• WORK TASK: In the copy you make, include no pictures, and transcribe every record exactly.
(Beginning of EXTRACTED RECORDS)
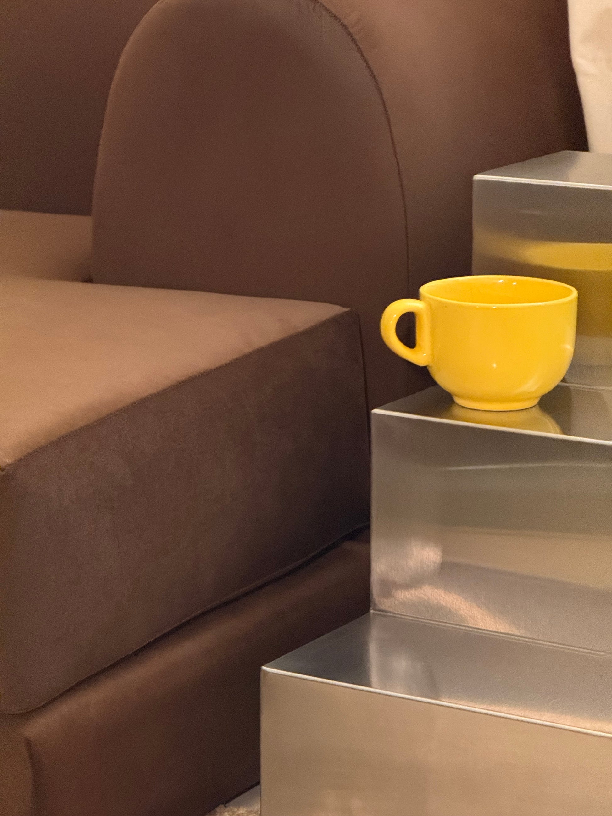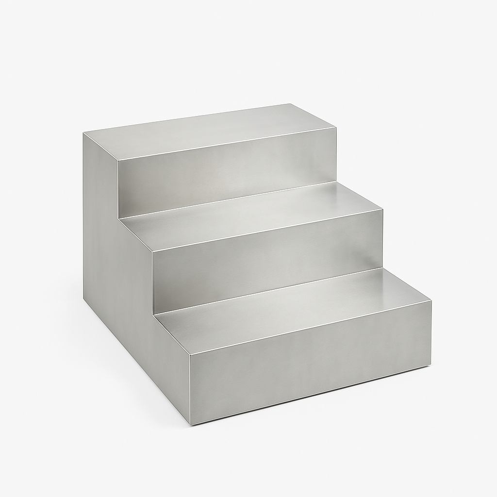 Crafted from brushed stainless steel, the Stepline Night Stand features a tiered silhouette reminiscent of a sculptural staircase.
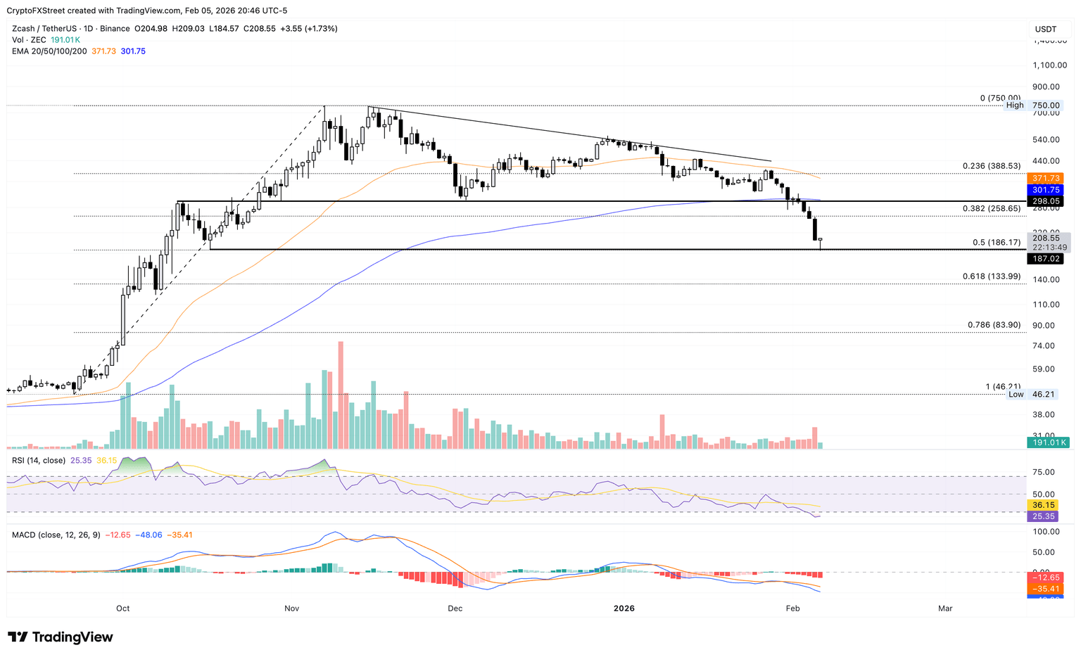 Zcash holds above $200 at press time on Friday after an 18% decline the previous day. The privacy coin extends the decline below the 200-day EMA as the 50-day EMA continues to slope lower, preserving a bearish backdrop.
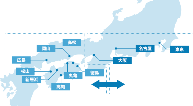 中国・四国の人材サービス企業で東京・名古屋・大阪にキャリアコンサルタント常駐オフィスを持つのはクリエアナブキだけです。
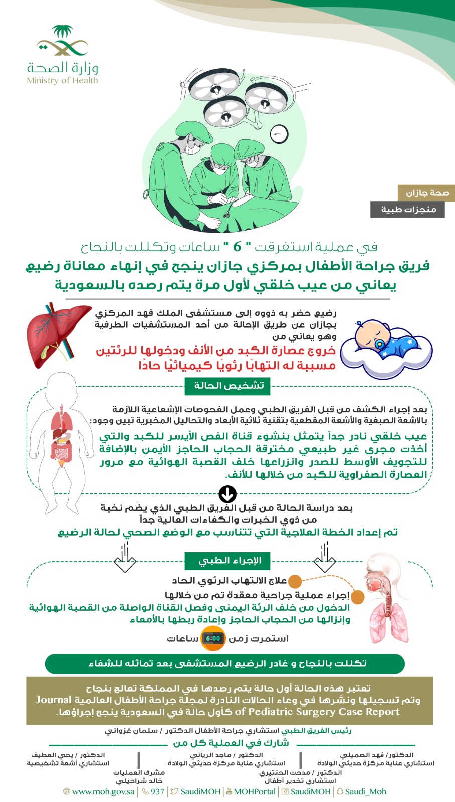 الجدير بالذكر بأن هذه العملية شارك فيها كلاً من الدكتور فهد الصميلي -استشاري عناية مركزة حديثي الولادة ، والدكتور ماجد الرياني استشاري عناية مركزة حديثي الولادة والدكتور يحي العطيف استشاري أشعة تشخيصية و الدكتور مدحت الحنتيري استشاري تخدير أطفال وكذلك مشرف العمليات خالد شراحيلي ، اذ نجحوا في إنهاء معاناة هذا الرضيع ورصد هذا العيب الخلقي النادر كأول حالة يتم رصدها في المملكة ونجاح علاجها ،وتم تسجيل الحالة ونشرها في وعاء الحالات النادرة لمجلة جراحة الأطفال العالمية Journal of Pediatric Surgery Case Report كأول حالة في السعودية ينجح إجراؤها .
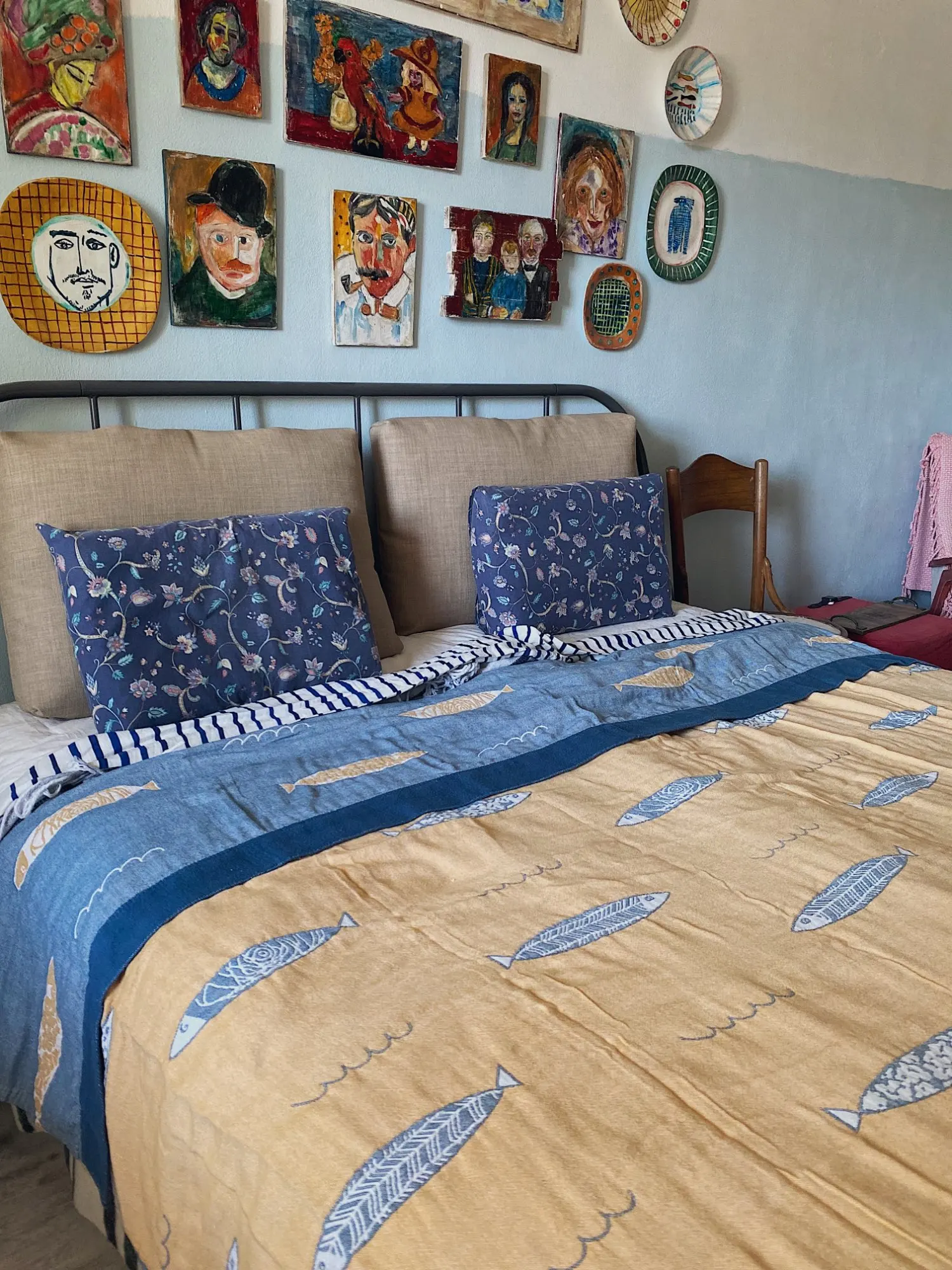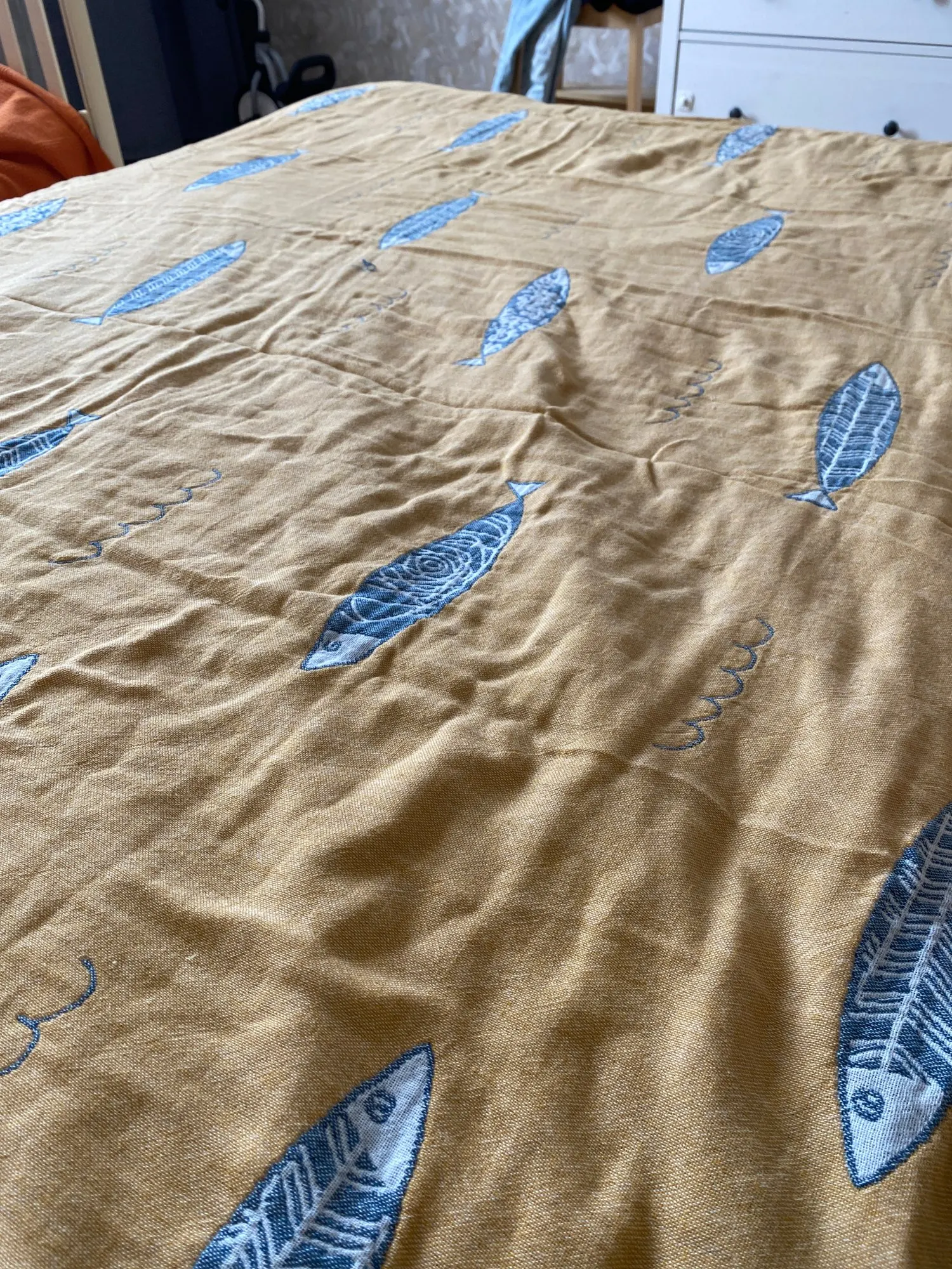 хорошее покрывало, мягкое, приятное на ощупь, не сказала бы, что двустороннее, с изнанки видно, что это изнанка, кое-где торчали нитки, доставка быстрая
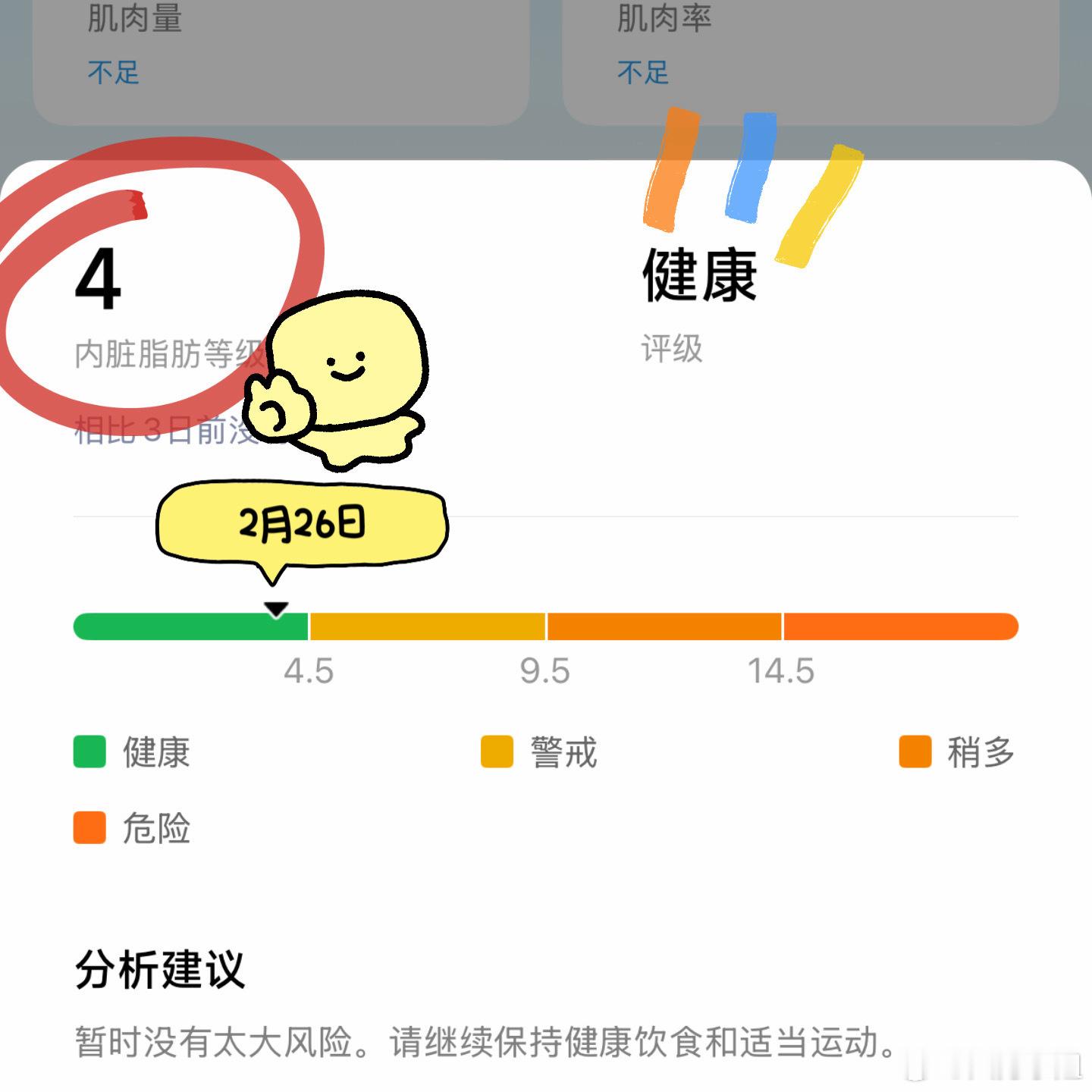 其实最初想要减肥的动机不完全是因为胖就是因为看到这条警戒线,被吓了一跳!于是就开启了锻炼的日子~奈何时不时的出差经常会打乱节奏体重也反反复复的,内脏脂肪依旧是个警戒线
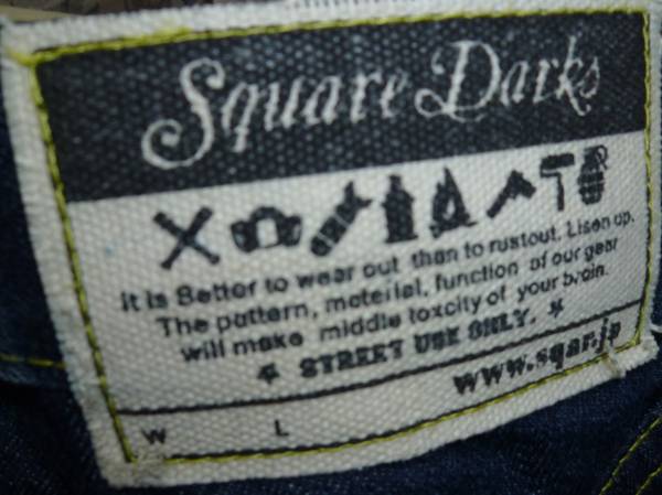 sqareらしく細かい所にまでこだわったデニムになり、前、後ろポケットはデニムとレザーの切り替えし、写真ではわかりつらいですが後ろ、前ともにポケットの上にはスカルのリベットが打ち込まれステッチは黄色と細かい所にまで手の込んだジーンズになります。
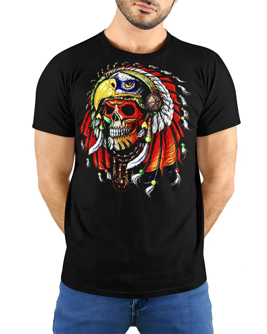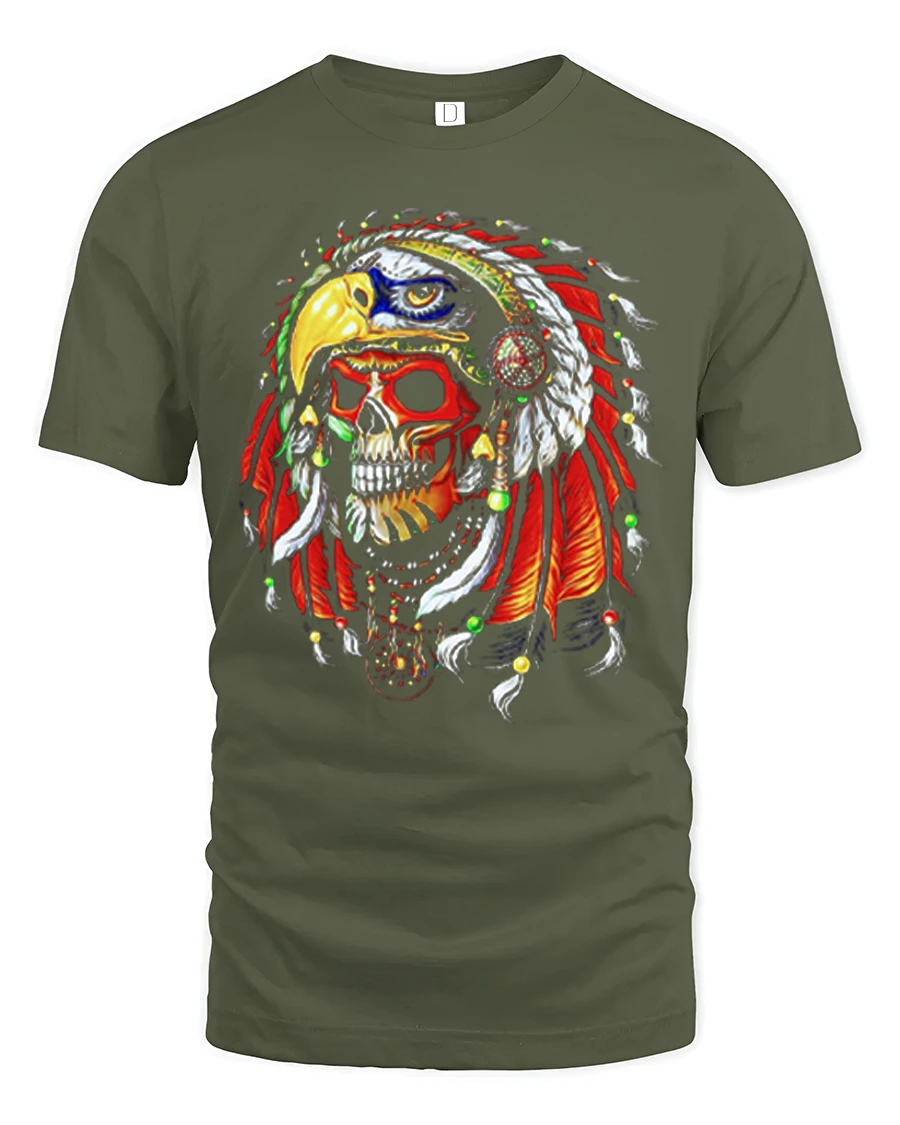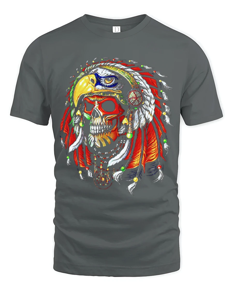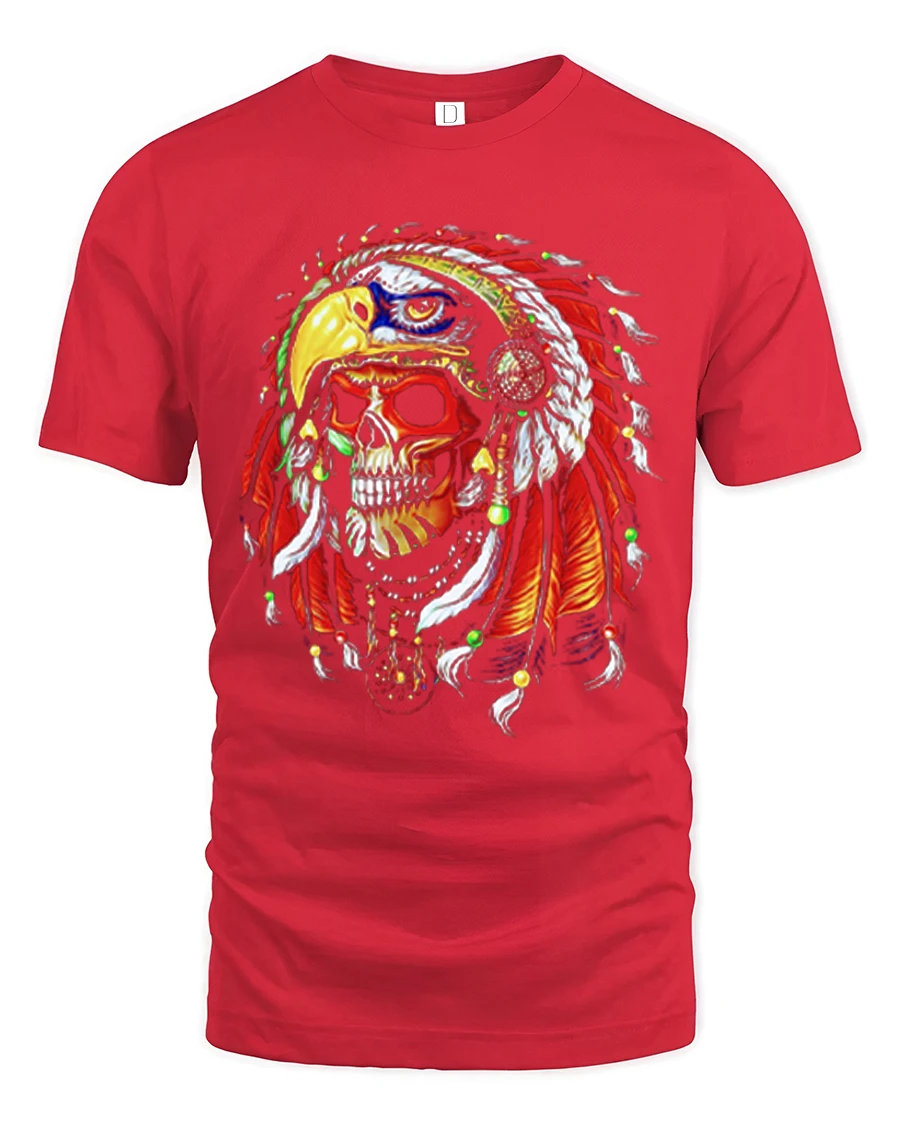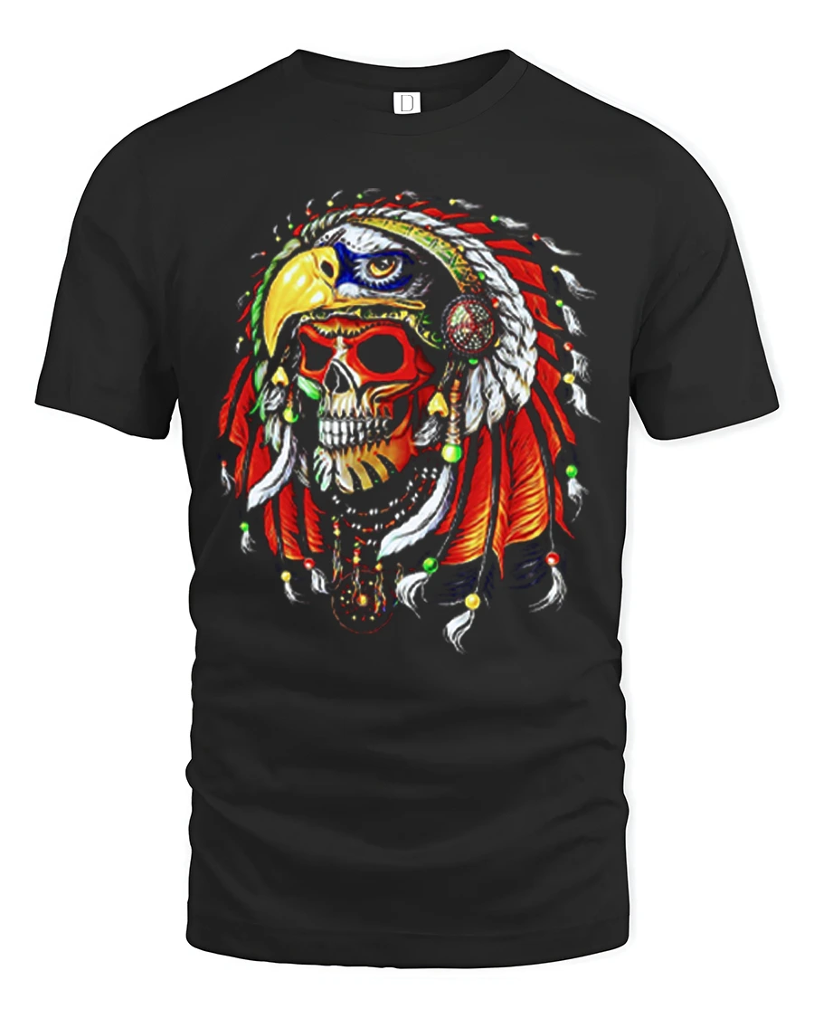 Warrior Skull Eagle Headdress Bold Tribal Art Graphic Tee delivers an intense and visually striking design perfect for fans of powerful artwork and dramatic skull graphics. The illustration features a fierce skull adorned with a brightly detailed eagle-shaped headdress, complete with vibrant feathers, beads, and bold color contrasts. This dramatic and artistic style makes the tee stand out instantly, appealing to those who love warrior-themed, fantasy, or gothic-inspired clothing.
(End of EXTRACTED RECORDS)
• SOLUTION TO THE EXERCISE:
 Crafted from brushed stainless steel, the Stepline Night Stand features a tiered silhouette reminiscent of a sculptural staircase.
 Zcash holds above $200 at press time on Friday after an 18% decline the previous day. The privacy coin extends the decline below the 200-day EMA as the 50-day EMA continues to slope lower, preserving a bearish backdrop.
 中国・四国の人材サービス企業で東京・名古屋・大阪にキャリアコンサルタント常駐オフィスを持つのはクリエアナブキだけです。
 الجدير بالذكر بأن هذه العملية شارك فيها كلاً من الدكتور فهد الصميلي -استشاري عناية مركزة حديثي الولادة ، والدكتور ماجد الرياني استشاري عناية مركزة حديثي الولادة والدكتور يحي العطيف استشاري أشعة تشخيصية و الدكتور مدحت الحنتيري استشاري تخدير أطفال وكذلك مشرف العمليات خالد شراحيلي ، اذ نجحوا في إنهاء معاناة هذا الرضيع ورصد هذا العيب الخلقي النادر كأول حالة يتم رصدها في المملكة ونجاح علاجها ،وتم تسجيل الحالة ونشرها في وعاء الحالات النادرة لمجلة جراحة الأطفال العالمية Journal of Pediatric Surgery Case Report كأول حالة في السعودية ينجح إجراؤها .
 хорошее покрывало, мягкое, приятное на ощупь, не сказала бы, что двустороннее, с изнанки видно, что это изнанка, кое-где торчали нитки, доставка быстрая
 其实最初想要减肥的动机不完全是因为胖就是因为看到这条警戒线,被吓了一跳!于是就开启了锻炼的日子~奈何时不时的出差经常会打乱节奏体重也反反复复的,内脏脂肪依旧是个警戒线
 sqareらしく細かい所にまでこだわったデニムになり、前、後ろポケットはデニムとレザーの切り替えし、写真ではわかりつらいですが後ろ、前ともにポケットの上にはスカルのリベットが打ち込まれステッチは黄色と細かい所にまで手の込んだジーンズになります。
 Warrior Skull Eagle Headdress Bold Tribal Art Graphic Tee delivers an intense and visually striking design perfect for fans of powerful artwork and dramatic skull graphics. The illustration features a fierce skull adorned with a brightly detailed eagle-shaped headdress, complete with vibrant feathers, beads, and bold color contrasts. This dramatic and artistic style makes the tee stand out instantly, appealing to those who love warrior-themed, fantasy, or gothic-inspired clothing.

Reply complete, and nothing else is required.